Para linfomas com maior risco de invasão do sistema nervoso (cérebro e medula espinhal), faz-se terapia preventiva, consistindo de injeção de drogas quimioterápicas diretamente no líquido cérebro-espinhal, e/ou radioterapia que envolva cérebro e medula espinhal. Naqueles pacientes que já têm envolvimento do sistema nervoso no diagnóstico, ou desenvolvem esta complicação durante o tratamento, são realizados esses mesmos tratamentos; entretanto, as injeções de drogas no líquido cérebro-espinhal são feitas com maior frequência.

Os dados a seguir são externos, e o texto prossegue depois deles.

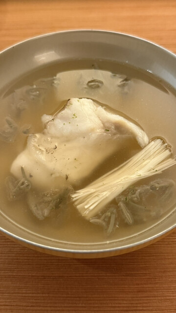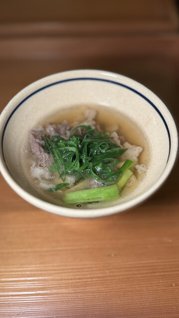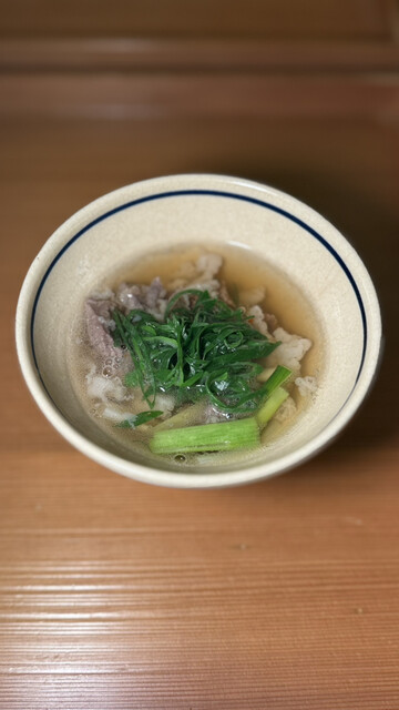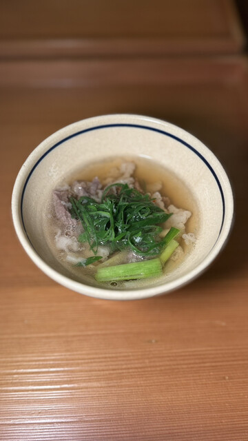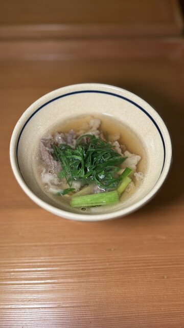 メインとして供された月輪熊のしゃぶしゃぶ。薄切りの熊肉を出汁にくぐらせていただきます。短めの火入れで仕上げると肉は柔らかく、旨味がしっかりしていますが、重さを感じさせないバランスでした。出汁には熊の脂の旨味となめこのぬめり、九条ネギの香りが重なり、飲むごとに深さが出てきます。終盤になると出汁自体がさらにおいしくなり、そのままスープとしても満足感のある味わいでした。冬の夜に合う力のある一皿です。
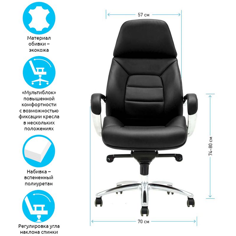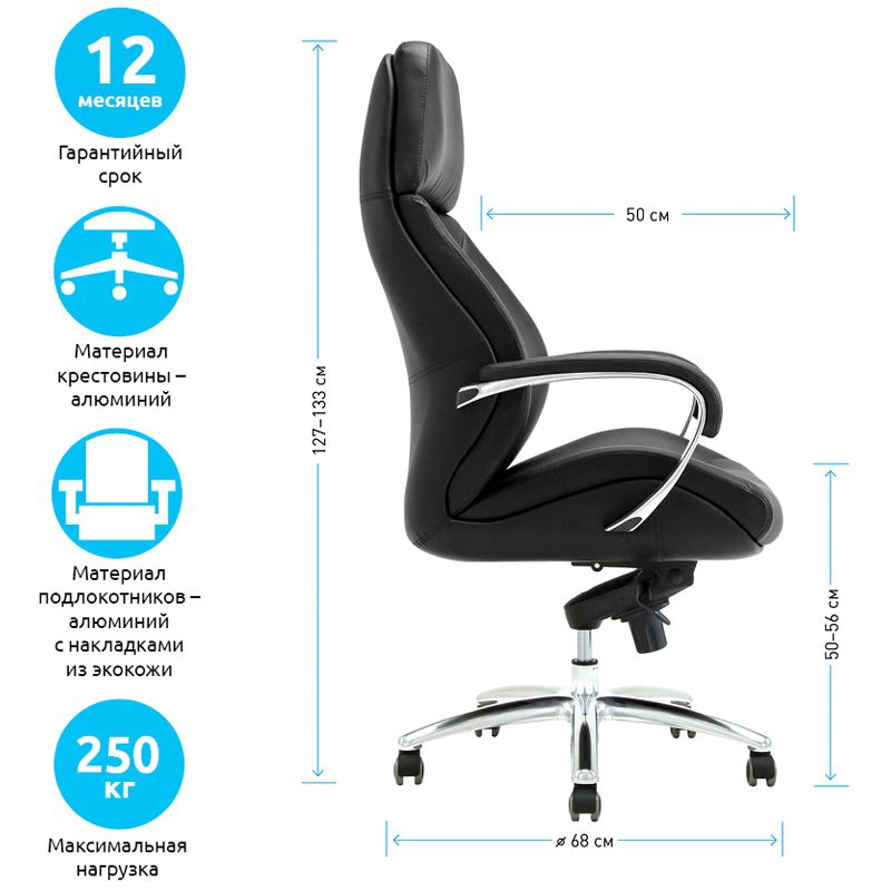 Кресло руководителя Helmi HL-ES08 "Monolith", повышенной прочности, экокожа черная, мультиблок, алюминий, до 250кг

Imunoterapias, particularmente interferon, anticorpos monoclonais, citoquinas e vacinas tumorais estão sendo submetidos a estudos clínicos para determinar sua eficácia nos Linfomas Não-Hodgkin. Para algumas formas específicas de linfoma, um dos anticorpos monoclonais já desenvolvidos, denominado Rituximab, mostra resultados bastante satisfatórios, principalmente quando associada à quimioterapia. No caso dos linfomas indolentes, as opções de tratamento podem ir desde apenas observação clínica sem início do tratamento, até tratamentos bastante intensivos, dependendo da indicação mais adequada.

Prevenção:
Assim como em outras formas de câncer, uma alimentação equilibrada, rica em nutrientes obtidos das verduras e frutas, assim como outros hábitos que reforçam as defesas do sistema imunológico podem ter efeito protetor contra o desenvolvimento de Linfomas Não-Hodgkin.